=== Task instructions ===
Retype the records below exactly as given, but only from the first line through the line with "Um convite de", and without the pictures.

Collected data entries:
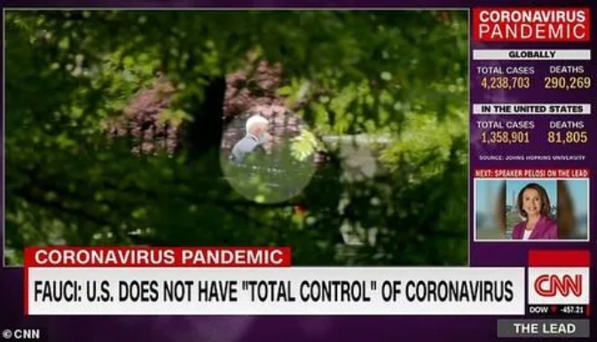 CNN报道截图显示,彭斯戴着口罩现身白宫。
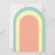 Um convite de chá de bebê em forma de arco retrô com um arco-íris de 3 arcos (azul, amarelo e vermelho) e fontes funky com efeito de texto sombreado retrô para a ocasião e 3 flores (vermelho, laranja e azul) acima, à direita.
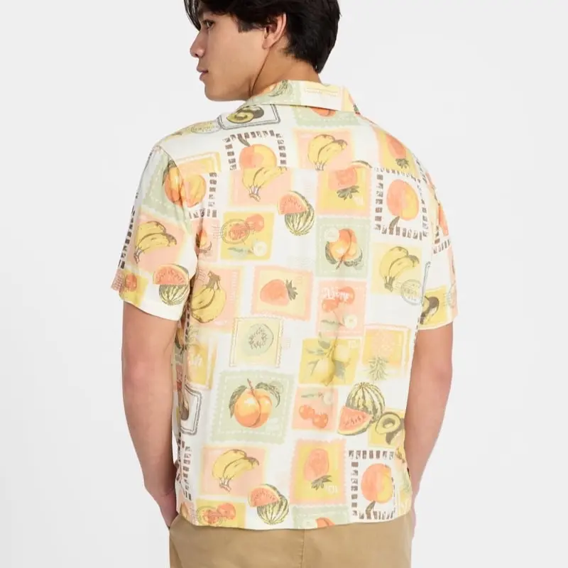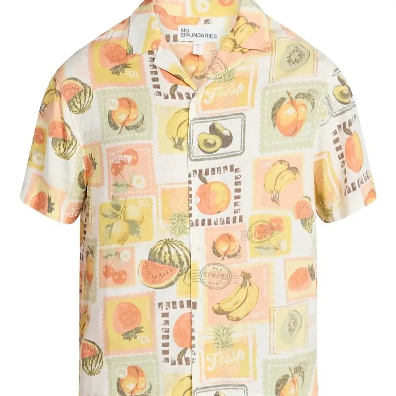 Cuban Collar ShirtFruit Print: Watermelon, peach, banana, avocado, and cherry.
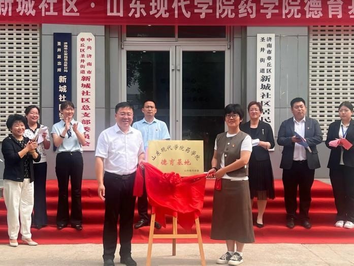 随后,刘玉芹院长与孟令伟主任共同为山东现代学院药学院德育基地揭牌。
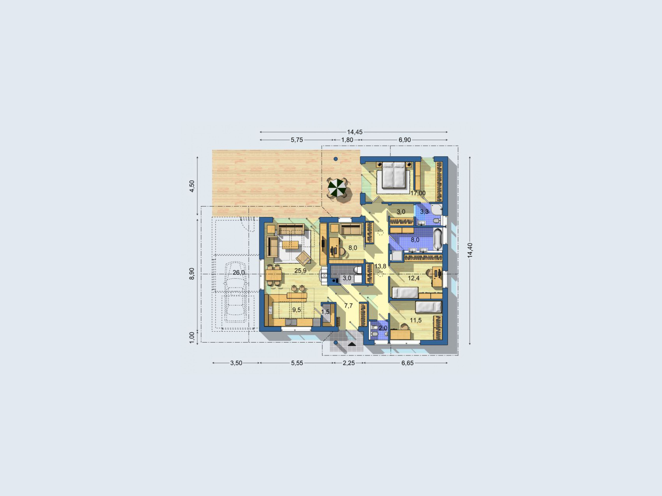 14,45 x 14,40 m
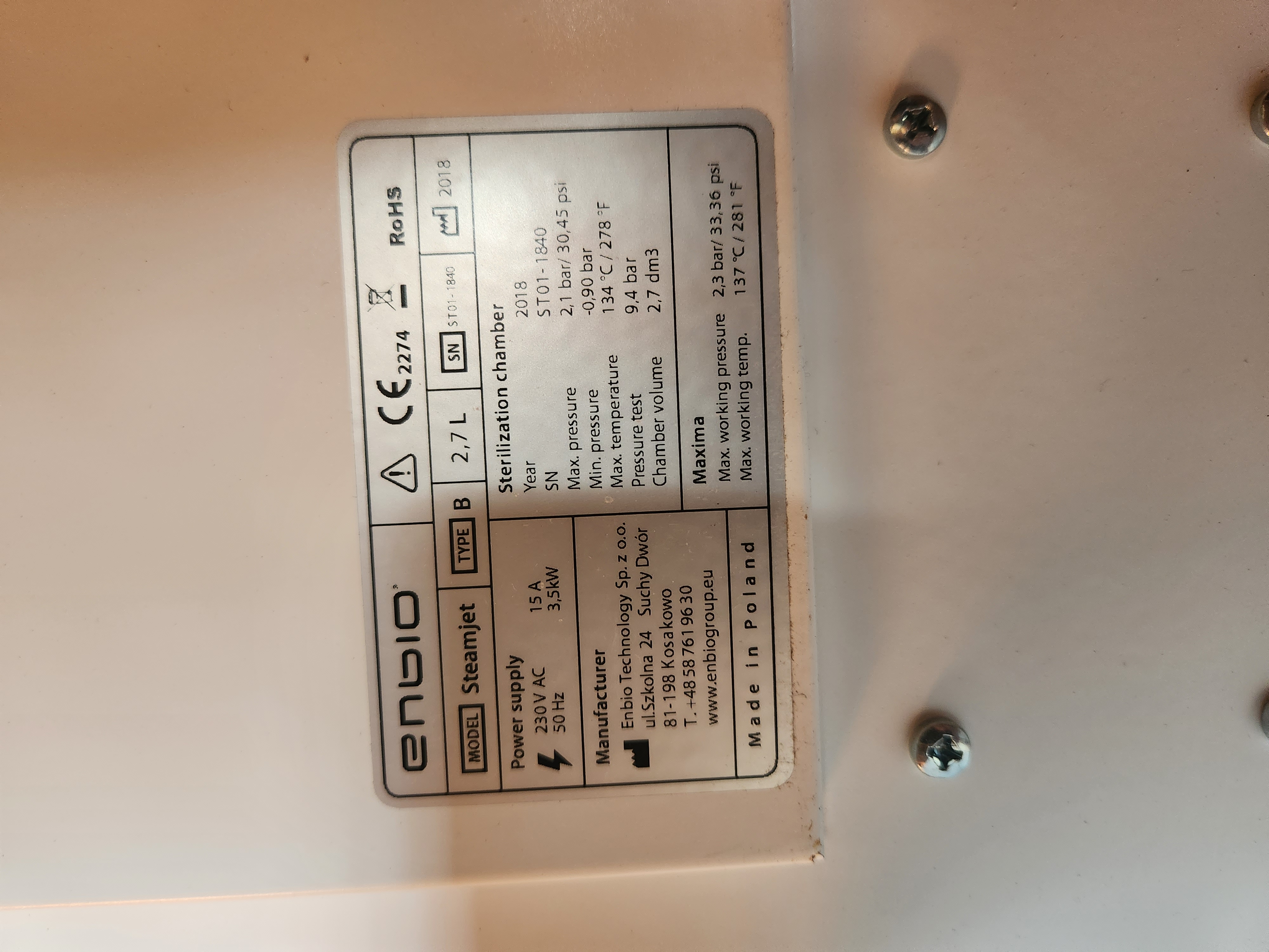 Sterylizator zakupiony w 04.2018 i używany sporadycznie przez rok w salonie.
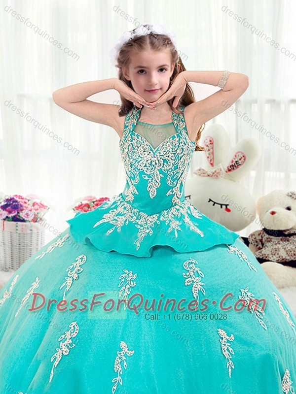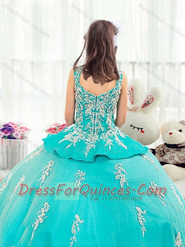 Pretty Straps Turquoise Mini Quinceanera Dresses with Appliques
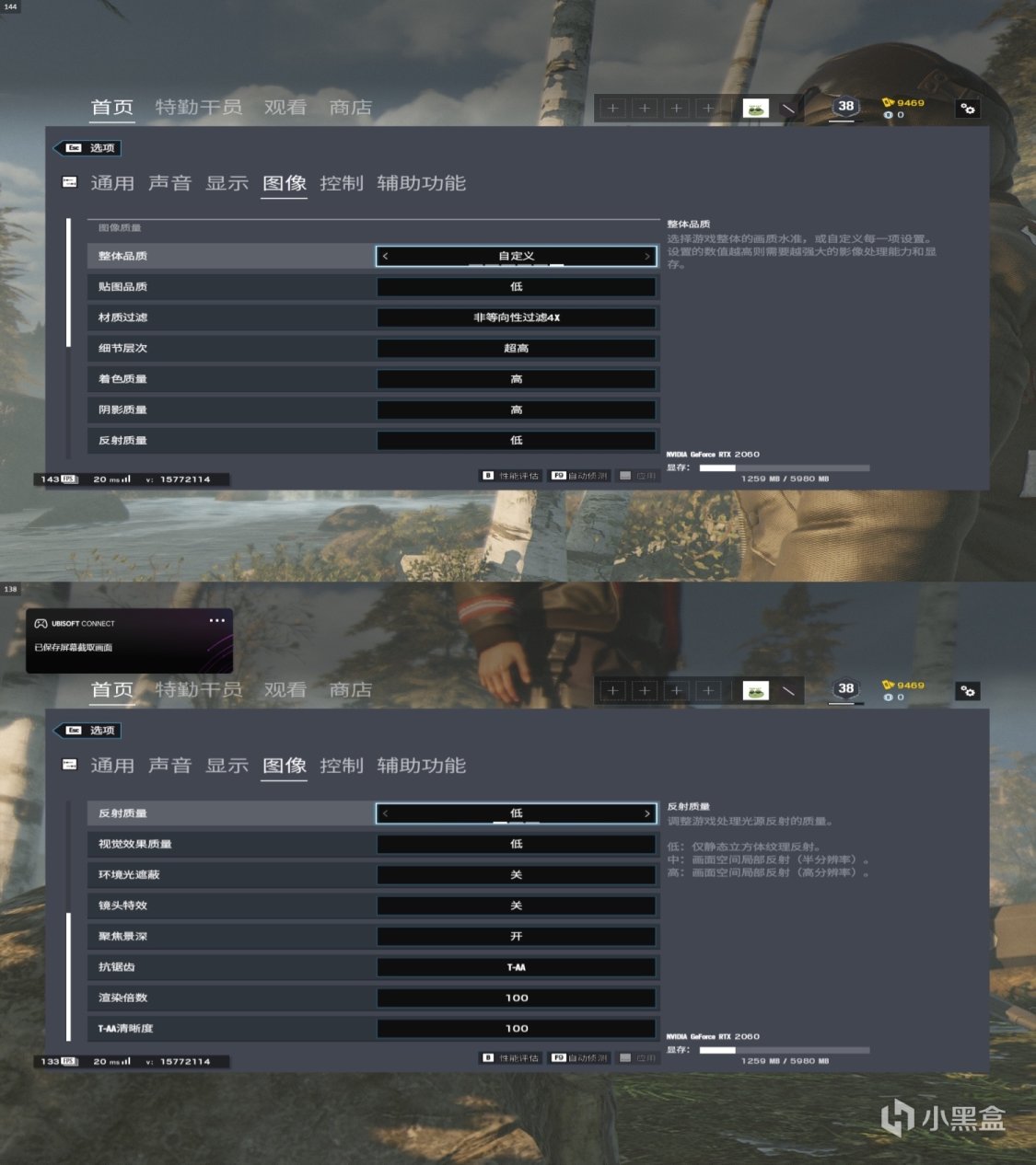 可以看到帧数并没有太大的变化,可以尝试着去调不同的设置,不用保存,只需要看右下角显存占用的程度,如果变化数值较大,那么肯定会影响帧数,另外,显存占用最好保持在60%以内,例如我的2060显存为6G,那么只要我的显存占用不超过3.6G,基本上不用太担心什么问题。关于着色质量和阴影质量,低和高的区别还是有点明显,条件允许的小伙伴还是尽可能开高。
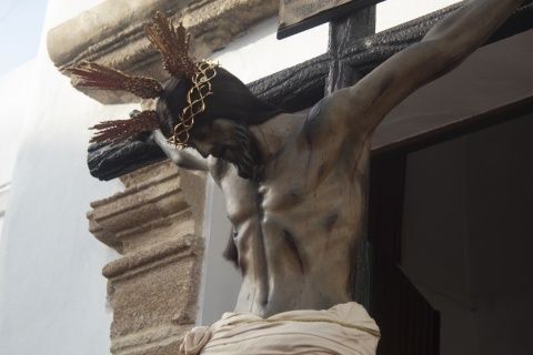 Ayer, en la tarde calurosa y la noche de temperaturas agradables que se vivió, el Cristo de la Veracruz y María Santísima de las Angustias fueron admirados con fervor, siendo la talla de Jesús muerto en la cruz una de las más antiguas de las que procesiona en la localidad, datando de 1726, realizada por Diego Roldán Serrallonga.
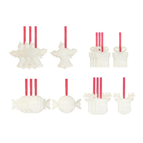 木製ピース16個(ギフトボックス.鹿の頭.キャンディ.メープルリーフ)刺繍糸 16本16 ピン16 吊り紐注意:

=== Result of this exercise ===
 CNN报道截图显示,彭斯戴着口罩现身白宫。
 Um convite de chá de bebê em forma de arco retrô com um arco-íris de 3 arcos (azul, amarelo e vermelho) e fontes funky com efeito de texto sombreado retrô para a ocasião e 3 flores (vermelho, laranja e azul) acima, à direita.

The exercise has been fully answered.